◆ **Supplied material**:
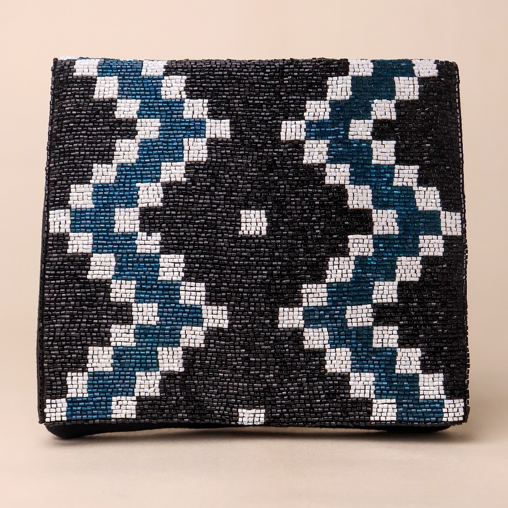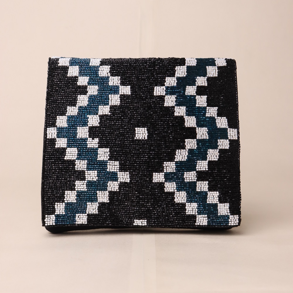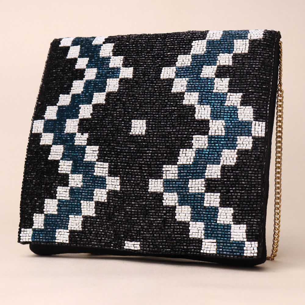 A striking blend of geometric artistry and contemporary style, this hand-beaded sling bag showcases a bold black base with contrasting white and teal mosaic-inspired patterns. Each bead is meticulously hand-applied, creating a textured and eye-catching design perfect for day-to-night transitions. The gold-tone chain strap adds a touch of elegance and versatility, allowing it to be worn as a crossbody, shoulder bag, or carried as a clutch for an elevated evening look.
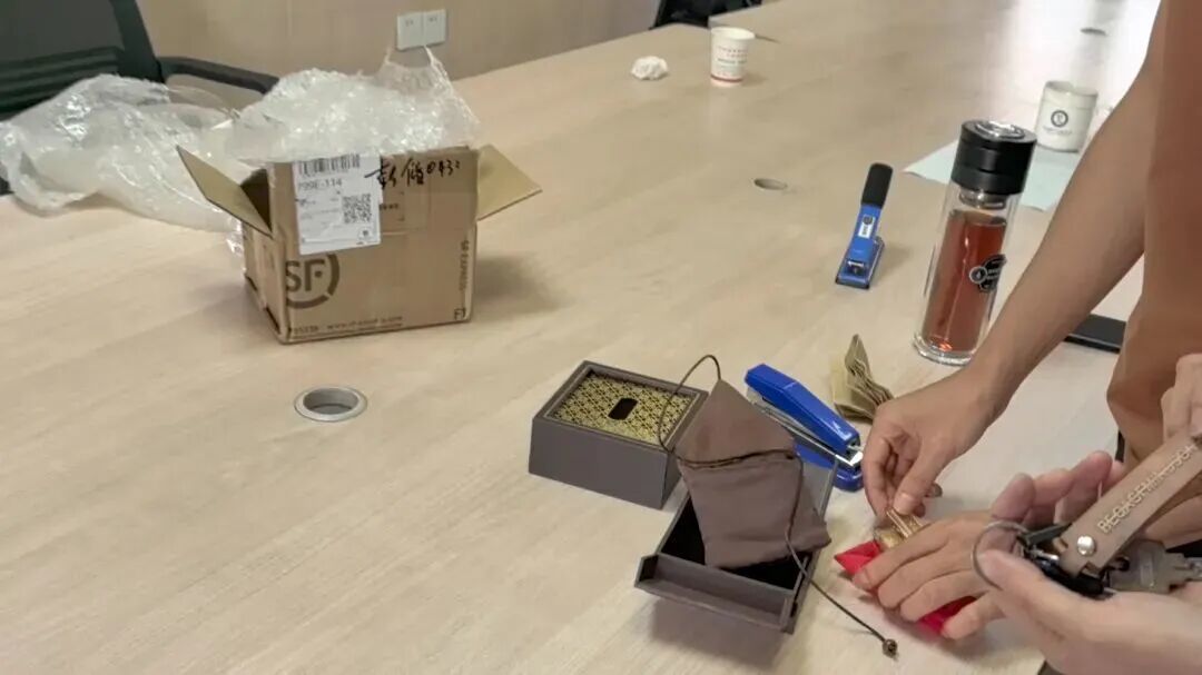 民警紧急联系包裹目的地警方,两地警力快速布控,终于在9月8日诈骗分子取件前成功拦截包裹,当场截获100克足金。
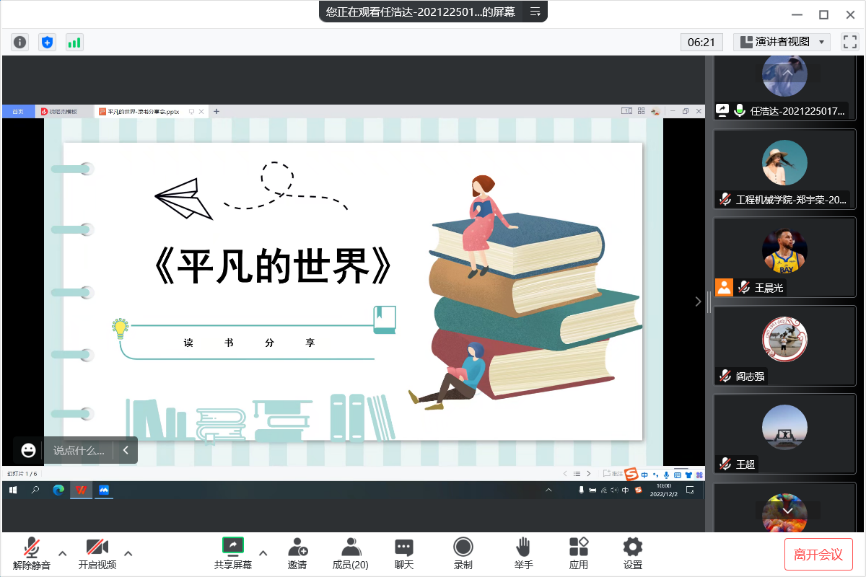 2022年12月2日,绅士漫画 领航先锋研究生党支部组织支部成员线上开展了第二十五期读书笔记分享活动,本次活动由支部成员任浩达做读书笔记分享。支部全体党员参加了此次活动。
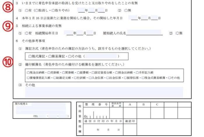 ⑧:青色申告承認の取消しを受けたこと又はとりやめをしたことの有無

◆ **Prompt**:
Before you return the listing exactly, strip out its pictures.

◆ **Answer to this problem**:
 A striking blend of geometric artistry and contemporary style, this hand-beaded sling bag showcases a bold black base with contrasting white and teal mosaic-inspired patterns. Each bead is meticulously hand-applied, creating a textured and eye-catching design perfect for day-to-night transitions. The gold-tone chain strap adds a touch of elegance and versatility, allowing it to be worn as a crossbody, shoulder bag, or carried as a clutch for an elevated evening look.
 民警紧急联系包裹目的地警方,两地警力快速布控,终于在9月8日诈骗分子取件前成功拦截包裹,当场截获100克足金。
 2022年12月2日,绅士漫画 领航先锋研究生党支部组织支部成员线上开展了第二十五期读书笔记分享活动,本次活动由支部成员任浩达做读书笔记分享。支部全体党员参加了此次活动。
 ⑧:青色申告承認の取消しを受けたこと又はとりやめをしたことの有無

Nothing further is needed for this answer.